Makassar, IDN Times - I La Galigo adalah tradisi kesusasteraan lisan dengan makna sakral. Setiap ritual adat masyarakat Bugis di masa lampau selalu didahului dengan pembacaan beberapa baris atau episode dari isi epos tersebut oleh kaum Bissu, pendeta kepercayaan lama.
Nah, penggunaan bahasa Bugis Kuno (basa to ri olo) menguatkan posisi La Galigo di mata masyarakat sebagai warisan budaya. Kedatangan bangsa Barat ke Kepulauan Nusantara banyak mempengaruhi minat penelitian atas ragam bahasa dan sastra lokal. I La Galigo sendiri pertama kali disinggung dalam catatan mashyur milik Sir Thomas Stamford Raffles, The History of Jawa, yang terbit pada 1817. Ditulis sebagai "syair kepahlawanan yang dibacakan dengan suara bernyanyi," Raffles malah menganggap I La Galigo nama penulis epos tersebut.

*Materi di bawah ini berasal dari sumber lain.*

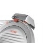 Operarea este simplificata, avand comutatorul pornit/oprit pozitionat lateral. Manerul poate fi actionat cu o singura mana, permitandu-va sa tineti produsul cu cealalta mana. In scopuri de igiena, purtati intotdeauna manusi in timpul taierii. Masina de feliat carne trebuie curatata si dezinfectata dupa fiecare utilizare. Placa de taiere si lama se pot spala impreuna in apa cu sapun si detergent usor. Carcasa poate fi curatata cu un burete umed si detergent. Apoi, clatiti cu apa si lasati la uscat inainte de a o utiliza din nou. Gratie celor patru picioare din cauciuc, masina de feliat carne ramane stabila in timpul utilizarii.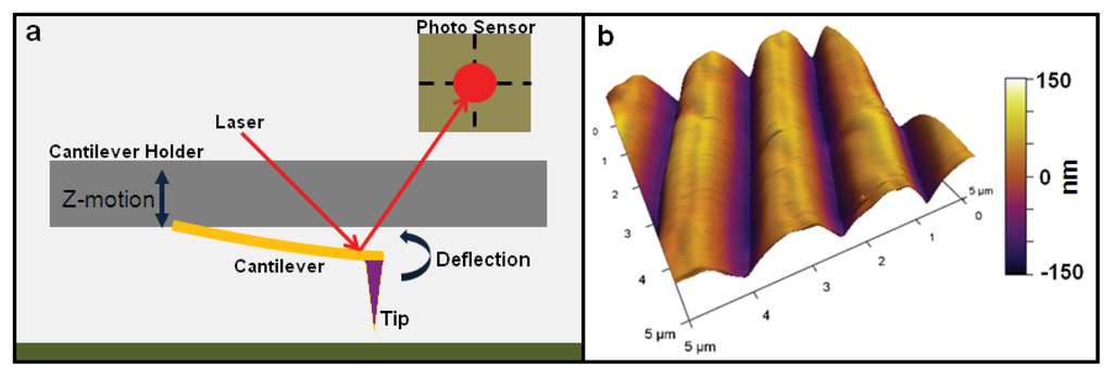 AFM measurement relies on the motions of a sharp tip positioned at the end of a flexible cantilever, which interacts with the sample via surface forces such as Van der Waals forces, electrostatic forces and capillary forces [5,11]. The cantilever behaves like a spring, so that any forces acting on the AFM tip cause the cantilever to deflect. These interactions are detected by the positioning of a laser reflected off of the back of the cantilever onto a 4-quadrant photo sensor.

Seiring waktu, ketertarikan juga diperlihatkan pemerintah Kolonial Belanda. Pada tahun 1847, Benjamin Frederik Matthes ditunjuk oleh pengurus organisasi Alkitab Belanda (Nederlandsch Bijbelgenootschap) untuk meneliti sastra Bugis, termasuk I La Galigo, secara ilmiah langsung di Sulawesi Selatan. Selain itu, Matthes juga ditugasi menjadi misionaris, serta menerjemahkan Alkitab ke bahasa Bugis dan bahasa Makassar.